- What the exercise asks:
Transcribe each entry in full, and leave the images out.

-------------------------

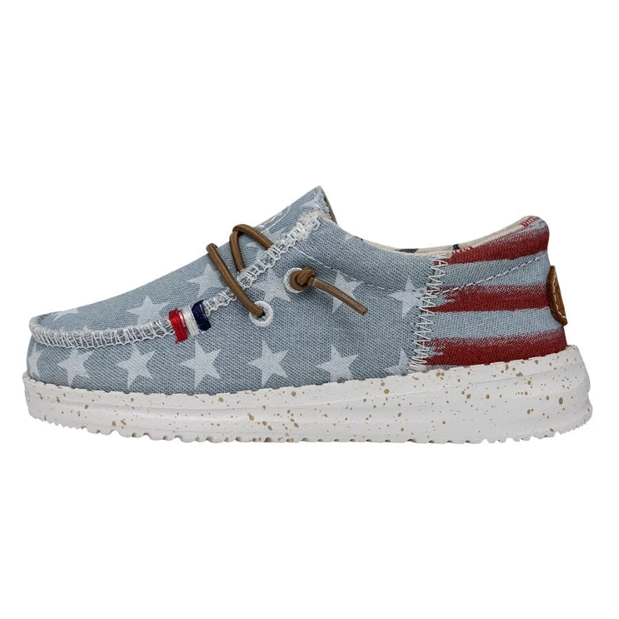 Red, white and true in every step. Introducing the Wally Toddler Americana collection, where strides and pride run loud throughout. Constructed in a breathable, cotton canvas upper and featuring an ultralight outsole with no-tie, elastic laces and a cushioned ankle collar for summer play all season long.
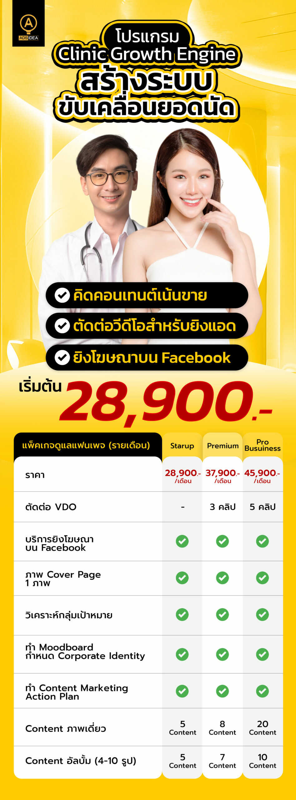 “สวัสดีครับ ADSIDEA ต้องขอบคุณที่สนใจแพ็กเกจ ‘Clinic Growth Engine’ นะครับ จากที่เราดูแลธุรกิจคลินิก มาจำนวนมาก ต้องบอกเลยว่าแข่งขันหนักมาก และมากกว่าเดิมหลายเท่า คลินิกใหม่มากขึ้น คลินิกเก่าก็แข็งแกร่ง แล้วแต่ละคลินิกโหมการตลาดหนักมาก
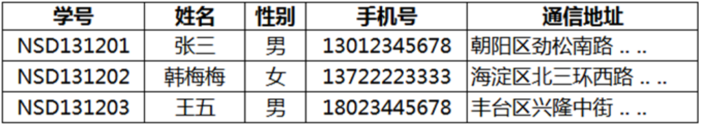 1 mysql> create table db1.学生表(学号 int ,姓名 char(15),性别 char(15),手机号 int,通讯地址 char(50))DEFAULT CHARSET=utf8; 2 Query OK, 0 rows affected (0.01 sec) 3 4 mysql> desc 学生表; 5 +--------------+----------+------+-----+---------+-------+ 6 | Field | Type | Null | Key | Default | Extra | 7 +--------------+----------+------+-----+---------+-------+ 8 | 学号 | int(11) | YES | | NULL | | 9 | 姓名 | char(15) | YES | | NULL | | 10 | 性别 | char(15) | YES | | NULL | | 11 | 手机号 | int(11) | YES | | NULL | | 12 | 通讯地址 | char(50) | YES | | NULL | | 13 +--------------+----------+------+-----+---------+-------+ 14 5 rows in set (0.00 sec) 15 16 mysql> show create table 学生表; 17 +-----------+-------------------------------------------------------------------------------------------------------------------------------------------------------------------------------------------------------------------------------------------------+ 18 | Table | Create Table | 19 +-----------+-------------------------------------------------------------------------------------------------------------------------------------------------------------------------------------------------------------------------------------------------+ 20 | 学生表 | CREATE TABLE `学生表` ( 21 `学号` int(11) DEFAULT NULL, 22 `姓名` char(15) DEFAULT NULL, 23 `性别` char(15) DEFAULT NULL, 24 `手机号` int(11) DEFAULT NULL, 25 `通讯地址` char(50) DEFAULT NULL 26 ) ENGINE=InnoDB DEFAULT CHARSET=utf8 | 27 +-----------+-------------------------------------------------------------------------------------------------------------------------------------------------------------------------------------------------------------------------------------------------+ 28 1 row in set (0.00 sec)
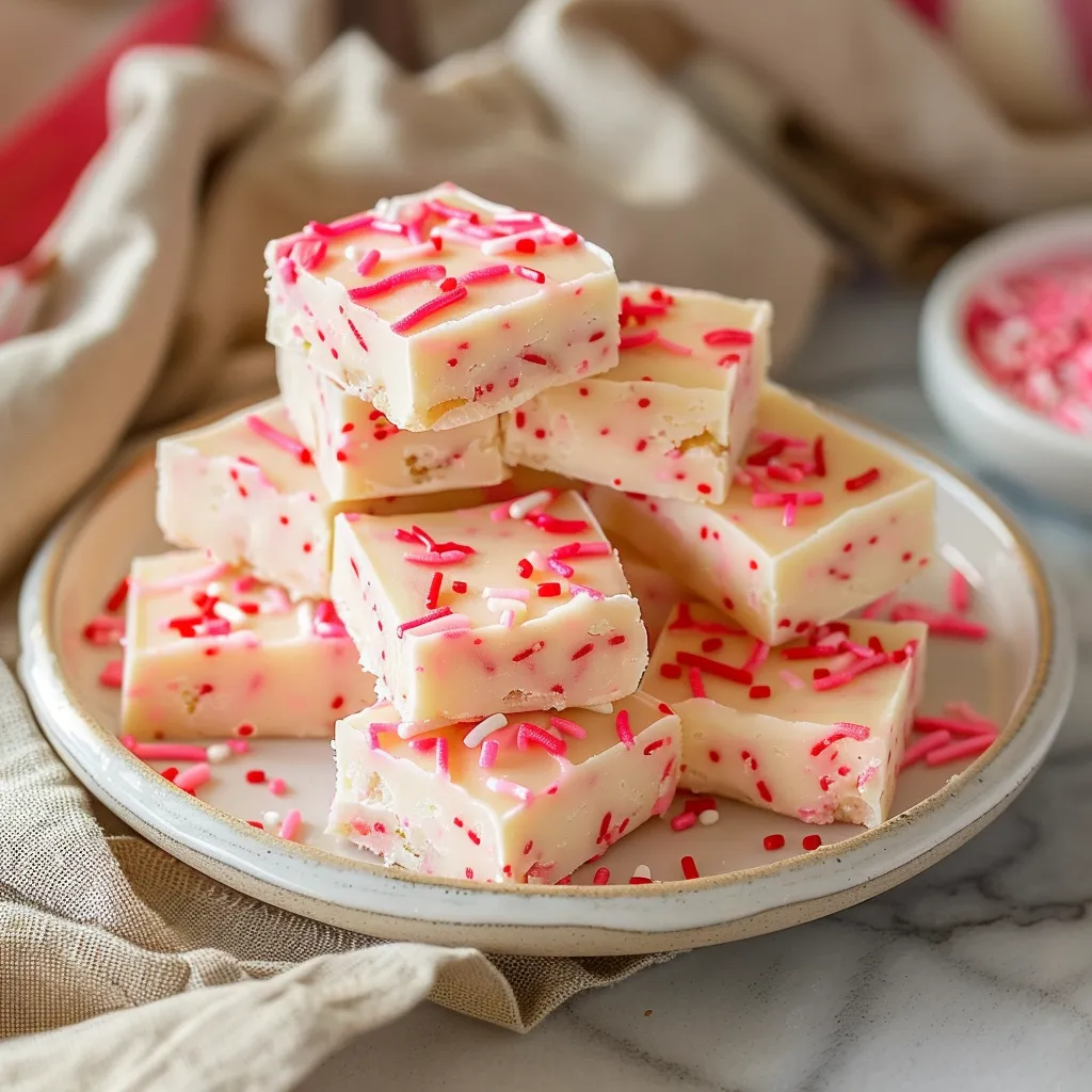 This Valentine’s Day Sugar Cookie Fudge is a delightful mash-up of chewy sugar cookies and creamy fudge, topped with colorful sprinkles. It’s perfect for celebrating love with sweet treats.
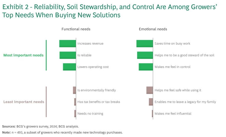 We found that growers’ top three functional needs for new technology solutions are an increase in revenue, reliability, and a reduced operating cost. (See Exhibit 2.) This result is no surprise: agribusinesses already recognize the importance of these needs and regularly emphasize yield and return on investment in their product pitches and value propositions.
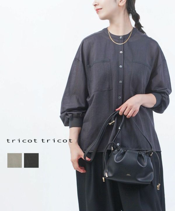 後ろ姿が印象的な、tricot'tricotのバックタックシャツ。
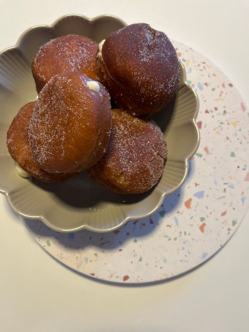 Den Pudding umrühren und gewünschte Menge Pumpkin Spice Sirup unterheben, in einen Spritzbeutel mit großer Sterntülle füllen und die Krapfen damit füllen. Die klassische Tülle zum Befüllen von Krapfen eignet sich aufgrund der dickflüssigen Konsistenz des Puddings hier nicht. (Ich habe vorher mit dem Griff eines Teelöffels seitlich ein Loch in die Krapfen gestochen, mit Kreisbewegungen etwas Platz für die Füllung gemacht und dann den Pudding hineingepresst).
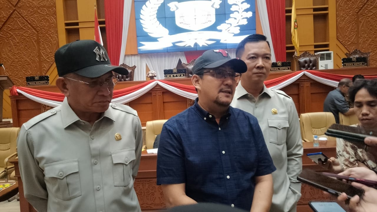 Iswandi didampingi H. Viktor Yuan, H. Joha Pajal, saat memberikan penjelasan kepada awak media terkait pengawalan penataan Pasar Pagi, usai pertemuan bersama pedagang di Gedung DPRD Kota Samarinda.
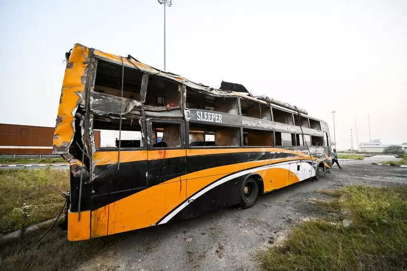 The inspection was conducted by regional inspector Vishnu Kumar, whose preliminary report flagged multiple lapses. The emergency exit system was either non-functional or not equipped with prescribed safety standards, potentially hampering evacuation during the accident. Further, the size of the seats was reduced to install additional units, leading to overcrowding and restricted aisle space. Experts noted that such modifications disturbed load balance, increased instability, and adversely impacted braking and handling, especially at high speeds. Officials suspected deliberate tampering with approved design specifications to maximise revenue, in clear violation of transport and fitness norms. Further action was underway. The technical inspection covered multiple critical components of the vehicle, including the braking system. Officials assessed brake efficiency, checked for fluid leakage, worn-out brake pads or liners, and the proper functioning of the handbrake, which was worn out and required an upgrade. The steering mechanism was examined for excessive free play, along with the condition of joints and linkages. Tyres and wheels were inspected for signs of bursts, blowouts, insufficient tread depth, or structural damage. Authorities also evaluated the vehicle’s structural integrity, including the chassis frame, body condition, door latches, and hinges.
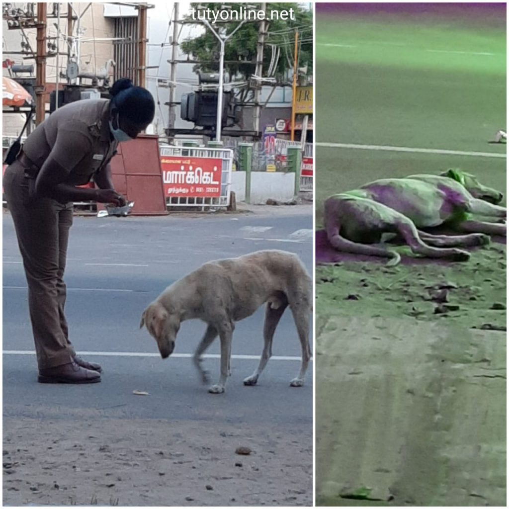 ஜெயசித்ரா தலைமையில் காவலர்கள் இன்று ( 26.4.2020) மாலை 6.30 மணி அளவில் பாதுகாப்பு பணியில் ஈடுபட்டிருந்த போது,அங்கே ஒரு நாய் ஒன்று பசி மயக்கத்தில் அங்கும் இங்கும் சுற்றி திரிந்தது.அதன் பசி தேவையை அதன் மூலம் அறிந்து கொண்ட பெண் உதவி ஆய்வாளர் ரோடா பாய் ஜெயசித்ரா தான் வைத்திருந்த தன்னுடைய இரவு உணவை அந்த நாய்க்கு கொடுத்தார்.அதன்பின் அந்தநாய் உண்டு வயிறு நிறைந்த நிம்மதி பெரும் மயக்கத்தில் படுத்து உறங்க ஆரம்பித்து விட்டது.

-------------------------

- Response area:
 Red, white and true in every step. Introducing the Wally Toddler Americana collection, where strides and pride run loud throughout. Constructed in a breathable, cotton canvas upper and featuring an ultralight outsole with no-tie, elastic laces and a cushioned ankle collar for summer play all season long.
 “สวัสดีครับ ADSIDEA ต้องขอบคุณที่สนใจแพ็กเกจ ‘Clinic Growth Engine’ นะครับ จากที่เราดูแลธุรกิจคลินิก มาจำนวนมาก ต้องบอกเลยว่าแข่งขันหนักมาก และมากกว่าเดิมหลายเท่า คลินิกใหม่มากขึ้น คลินิกเก่าก็แข็งแกร่ง แล้วแต่ละคลินิกโหมการตลาดหนักมาก
 1 mysql> create table db1.学生表(学号 int ,姓名 char(15),性别 char(15),手机号 int,通讯地址 char(50))DEFAULT CHARSET=utf8; 2 Query OK, 0 rows affected (0.01 sec) 3 4 mysql> desc 学生表; 5 +--------------+----------+------+-----+---------+-------+ 6 | Field | Type | Null | Key | Default | Extra | 7 +--------------+----------+------+-----+---------+-------+ 8 | 学号 | int(11) | YES | | NULL | | 9 | 姓名 | char(15) | YES | | NULL | | 10 | 性别 | char(15) | YES | | NULL | | 11 | 手机号 | int(11) | YES | | NULL | | 12 | 通讯地址 | char(50) | YES | | NULL | | 13 +--------------+----------+------+-----+---------+-------+ 14 5 rows in set (0.00 sec) 15 16 mysql> show create table 学生表; 17 +-----------+-------------------------------------------------------------------------------------------------------------------------------------------------------------------------------------------------------------------------------------------------+ 18 | Table | Create Table | 19 +-----------+-------------------------------------------------------------------------------------------------------------------------------------------------------------------------------------------------------------------------------------------------+ 20 | 学生表 | CREATE TABLE `学生表` ( 21 `学号` int(11) DEFAULT NULL, 22 `姓名` char(15) DEFAULT NULL, 23 `性别` char(15) DEFAULT NULL, 24 `手机号` int(11) DEFAULT NULL, 25 `通讯地址` char(50) DEFAULT NULL 26 ) ENGINE=InnoDB DEFAULT CHARSET=utf8 | 27 +-----------+-------------------------------------------------------------------------------------------------------------------------------------------------------------------------------------------------------------------------------------------------+ 28 1 row in set (0.00 sec)
 This Valentine’s Day Sugar Cookie Fudge is a delightful mash-up of chewy sugar cookies and creamy fudge, topped with colorful sprinkles. It’s perfect for celebrating love with sweet treats.
 We found that growers’ top three functional needs for new technology solutions are an increase in revenue, reliability, and a reduced operating cost. (See Exhibit 2.) This result is no surprise: agribusinesses already recognize the importance of these needs and regularly emphasize yield and return on investment in their product pitches and value propositions.
 後ろ姿が印象的な、tricot'tricotのバックタックシャツ。
 Den Pudding umrühren und gewünschte Menge Pumpkin Spice Sirup unterheben, in einen Spritzbeutel mit großer Sterntülle füllen und die Krapfen damit füllen. Die klassische Tülle zum Befüllen von Krapfen eignet sich aufgrund der dickflüssigen Konsistenz des Puddings hier nicht. (Ich habe vorher mit dem Griff eines Teelöffels seitlich ein Loch in die Krapfen gestochen, mit Kreisbewegungen etwas Platz für die Füllung gemacht und dann den Pudding hineingepresst).
 Iswandi didampingi H. Viktor Yuan, H. Joha Pajal, saat memberikan penjelasan kepada awak media terkait pengawalan penataan Pasar Pagi, usai pertemuan bersama pedagang di Gedung DPRD Kota Samarinda.
 The inspection was conducted by regional inspector Vishnu Kumar, whose preliminary report flagged multiple lapses. The emergency exit system was either non-functional or not equipped with prescribed safety standards, potentially hampering evacuation during the accident. Further, the size of the seats was reduced to install additional units, leading to overcrowding and restricted aisle space. Experts noted that such modifications disturbed load balance, increased instability, and adversely impacted braking and handling, especially at high speeds. Officials suspected deliberate tampering with approved design specifications to maximise revenue, in clear violation of transport and fitness norms. Further action was underway. The technical inspection covered multiple critical components of the vehicle, including the braking system. Officials assessed brake efficiency, checked for fluid leakage, worn-out brake pads or liners, and the proper functioning of the handbrake, which was worn out and required an upgrade. The steering mechanism was examined for excessive free play, along with the condition of joints and linkages. Tyres and wheels were inspected for signs of bursts, blowouts, insufficient tread depth, or structural damage. Authorities also evaluated the vehicle’s structural integrity, including the chassis frame, body condition, door latches, and hinges.
 ஜெயசித்ரா தலைமையில் காவலர்கள் இன்று ( 26.4.2020) மாலை 6.30 மணி அளவில் பாதுகாப்பு பணியில் ஈடுபட்டிருந்த போது,அங்கே ஒரு நாய் ஒன்று பசி மயக்கத்தில் அங்கும் இங்கும் சுற்றி திரிந்தது.அதன் பசி தேவையை அதன் மூலம் அறிந்து கொண்ட பெண் உதவி ஆய்வாளர் ரோடா பாய் ஜெயசித்ரா தான் வைத்திருந்த தன்னுடைய இரவு உணவை அந்த நாய்க்கு கொடுத்தார்.அதன்பின் அந்தநாய் உண்டு வயிறு நிறைந்த நிம்மதி பெரும் மயக்கத்தில் படுத்து உறங்க ஆரம்பித்து விட்டது.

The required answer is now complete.